オーパ・クラフト~~オーパ・クラフトの社長ブログ~~新商品「はねあげフロート」について

新商品「はねあげフロート」について

「はねあげフロート」の開発コンセプト

  • オーパの分割式ボート船体と同様,フロートにあっても,耐久性・耐侯性・柔軟性・軽量性といった卓越した機能と利便性と安全性を高度に鼎立させる。
  • そのために,支える船体にかかる力を十分に検討し,フロート素材,船体との接合方法や接合素材等を構造力学・材料力学の両面で検討する。

これらは、オーパが手がける製品において常に心がけている必須の課題です。このようなこだわりが、何年もの時を経て、商品へと昇華していきます。

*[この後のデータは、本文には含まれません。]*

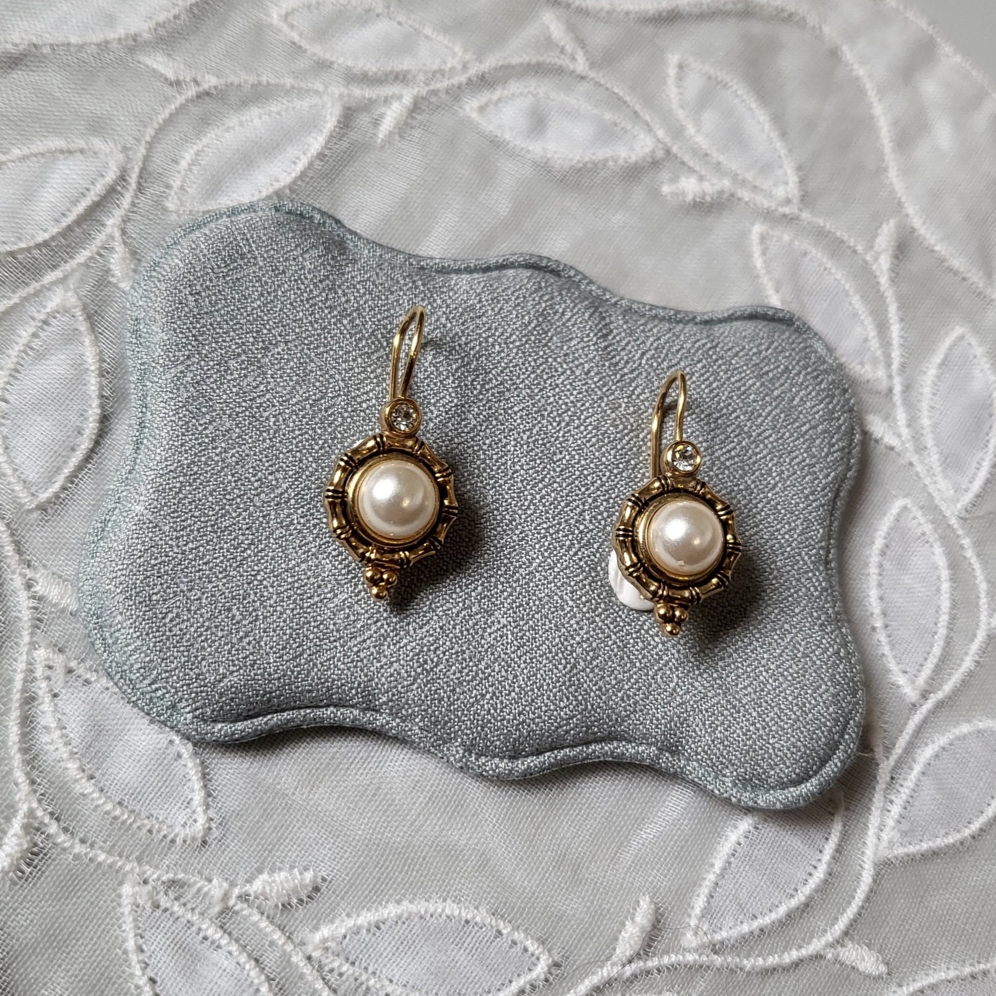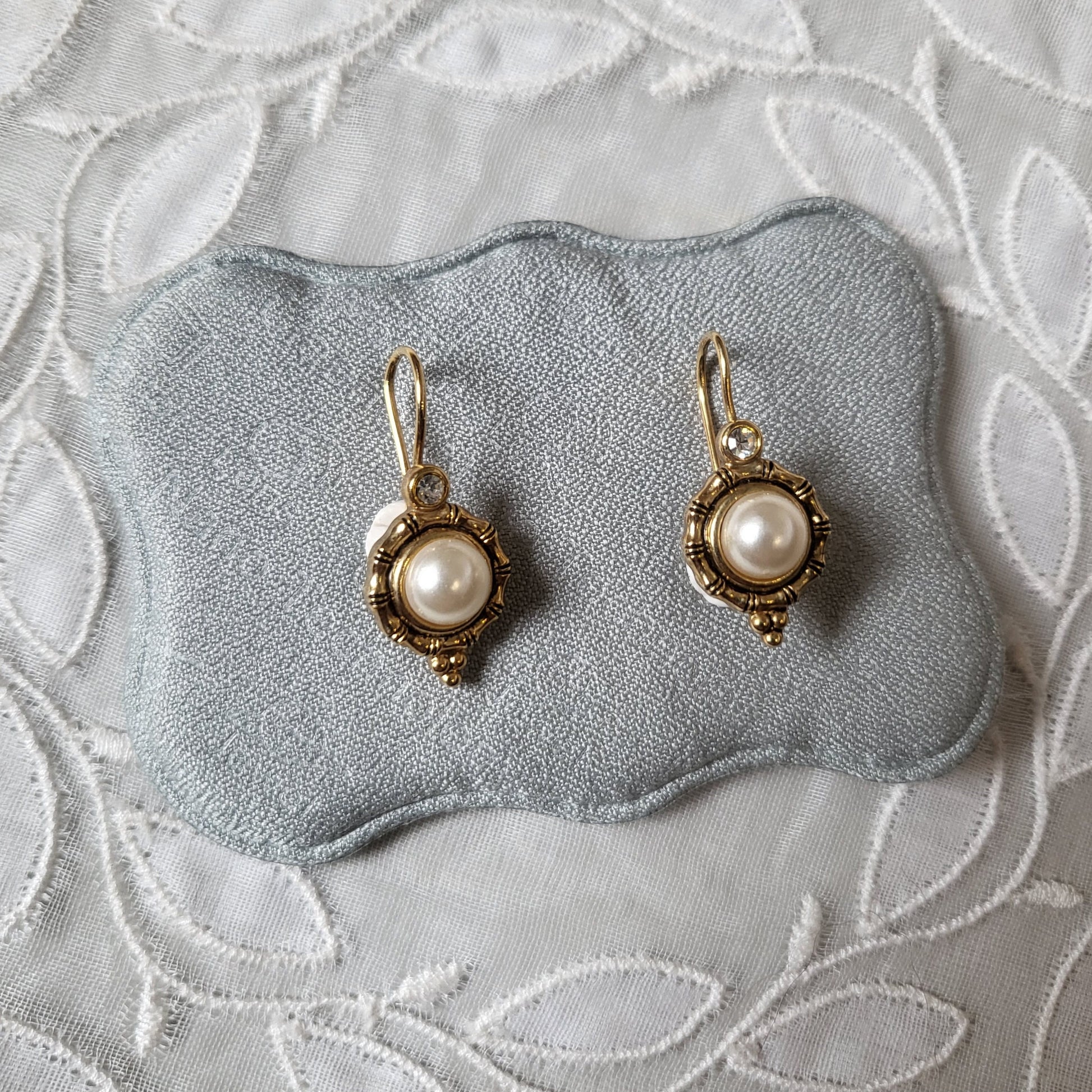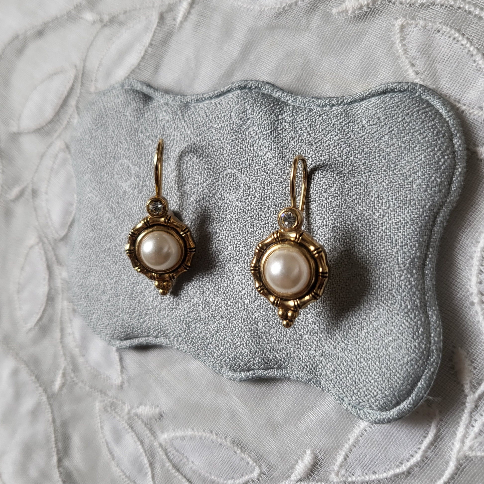 A dainty pair of bamboo bezel design hook earrings with crytal and faux pearl cabochon on gold plated metal

オーパ・クラフトは、長年、「人命に直接関わる重要保安部分は、各種の強度試験を繰り返した後に、決して他社への製造委託をせずに、自社内できめ細やかな検査体制を構築して製造・販売する」ことを最も大切な柱の一つとしてきました。
より進歩した強度・耐久性を求め、常に試作と設計変更を繰り返し、実際の生産にあっては最新の注意をはらいつつ、新たな検査工程・検査方式を作り出すなど、船体や部品の設計、製造及び検査工程を変革してきました。こうすることで、より一層安心していただける分割ボートをオーナー様のもとへお届けできると信じ、製造スタッフと共に協議を重ねながら、日々生産・品質管理の改善をしております。

「はねあげフロート」の現状

2016年に弊社が発売いたしました業界初の「はねあげフロート」は、おかげさまで大変ご好評をいただいております。
弊社が18年をかけて開発してきた「はねあげフロート」は、最高に便利だからこそ使うことが当たり前となる安心なミニボート必須の装備品として、特別な広告・宣伝をしていないにもかかわらず、固定式ではなく「はねあげフロート」を、との指名注文がほとんどを占めるようになってきました。
その魅力がより多くの方に伝わり、ボートの安全性が高まっていくことがオーパの願いでありますが、この点、ご友人等に勧めてくださった既存ユーザーの皆様に厚くお礼申し上げます。

「はねあげフロート」開発着手の経緯

はねあげフロート」を、小規模企業でありながらも世界に先駆けてでも開発しなければならないと強く意識したのは、固定式フロートの開発に着手した段階からでした。フロートのような安全に関わる装具は、当然のことながら、ユーザー様に実際に使用していただかなければ意味がありません。
しかし、船体の脇にとりつけるフロートは、安全性の向上に非常に貢献するものの、走行時には抵抗となるため、ネジ止め式など手間がかかるものは、すぐに装着率が下がるのではと懸念いたしました。そういうわけで、オーパのフロートは、丈夫で長持ちな素材、豪華クルーザーを何年も守り続けるフェンダーフロートを基本素材とし、ワンタッチ脱着、所要時間10秒以内という世界初の仕組みの固定式フロート「オーパ・クラフト オリジナルフェンダーフロート」をまず開発したのです。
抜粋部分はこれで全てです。